Bankman-Fried has no interest in the principles which motivated Satoshi. He spent his time and his millions currying political favor and posturing as an altruist.

The FTX scandal was very bad news for cryptocurrency investors. The regulation which is likely to follow will be worse.

The idea behind regulation appears to be for Wall Street Banks to gain unfettered access and control over the cryptocurrency marketplace. People should expect a scheme similar to what was built around gold and silver futures trading, with similar outcomes, including dishonest price discovery.

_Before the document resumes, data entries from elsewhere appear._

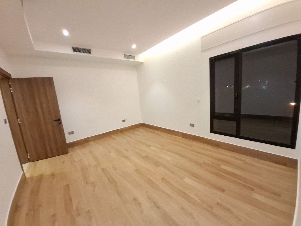 In Al-Sadeeq, a modern apartment located on a square and a residential roundabout in an upscale area. It consists of 3 rooms, including a master bedroom, a domestic worker's room, a living room with a guest bathroom, a dedicated laundry area, a kitchen equipped with a stove and oven, two parking spots (some shaded) and an additional roundabout square. The location is near all services and easily accessible to all roads. Rent: 650 KD, security deposit: half a month's rent. Dar Al-Iqlimi for Real Estate Brokerage, License Number: 2018/133503.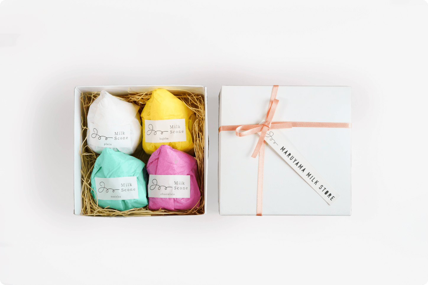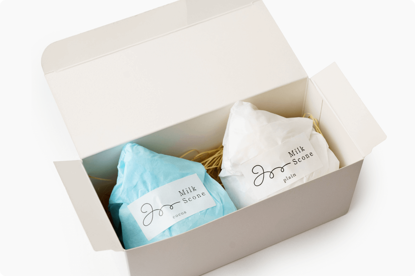 別海町の牛乳を使用して毎日心を込めてお作りするスコーンやプリンを、丁寧にラッピングし、お箱に詰めてお渡しします。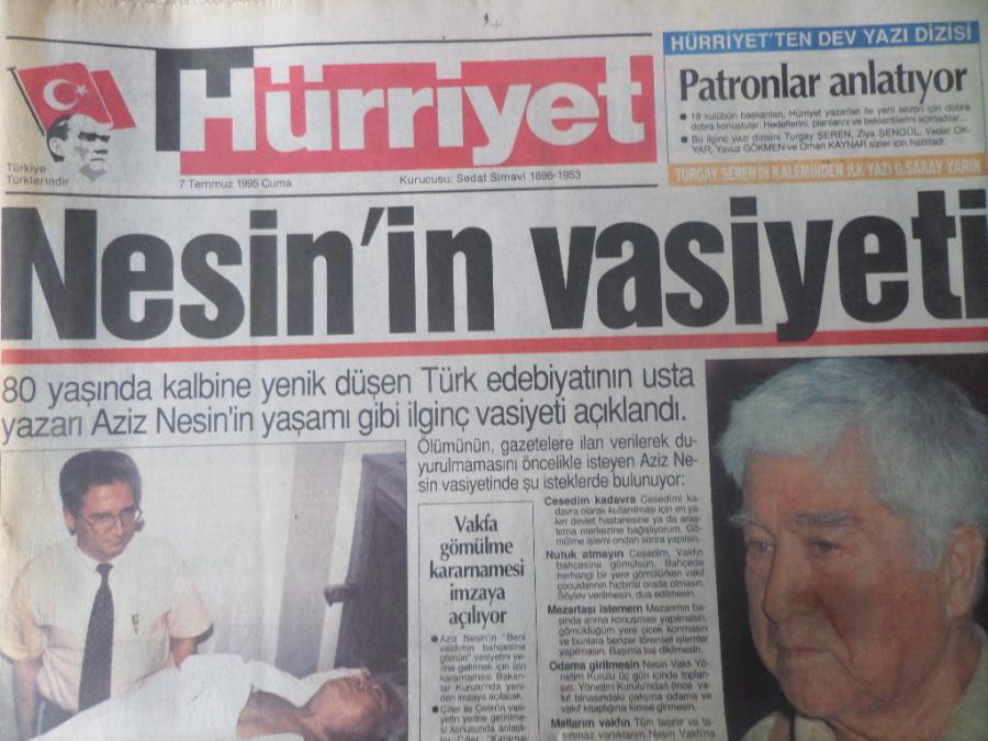 Hürriyet Gazetesi 7 Temmuz 1995 - Nesin'in Vasiyeti

The FTX exchange’s fraud-fueled implosion conveniently paves the way for progressive politicians, many of who were lavishly supported by Bankman-Fried, to piously ride to the industry’s rescue.

Gary Gensler, chairman of the Securities and Exchange Commission, made his career by turning a blind eye to massive fraud in gold and silver trading when he chaired the CFTC.

Gensler met with Bankman-Fried several months ago to discuss working together on rules. And FTX hired Mark Wetjen, another discredited CFTC Commissioner, as head of policy and regulation.

Bankman-Fried appeared to be taking a page from Bernie Madoff’s playbook. Madoff was cozy with regulators. He sat on advisory committees for the SEC and had a working relationship with officials there. Perhaps that is why the agency ignored complaints which outlined the Madoff fraud in fine detail.

Bitcoin has potential, but not as a substitute for gold. And not as a government-regulated get-rich-quick asset for people to gamble on in Wall Street’s rigged casinos.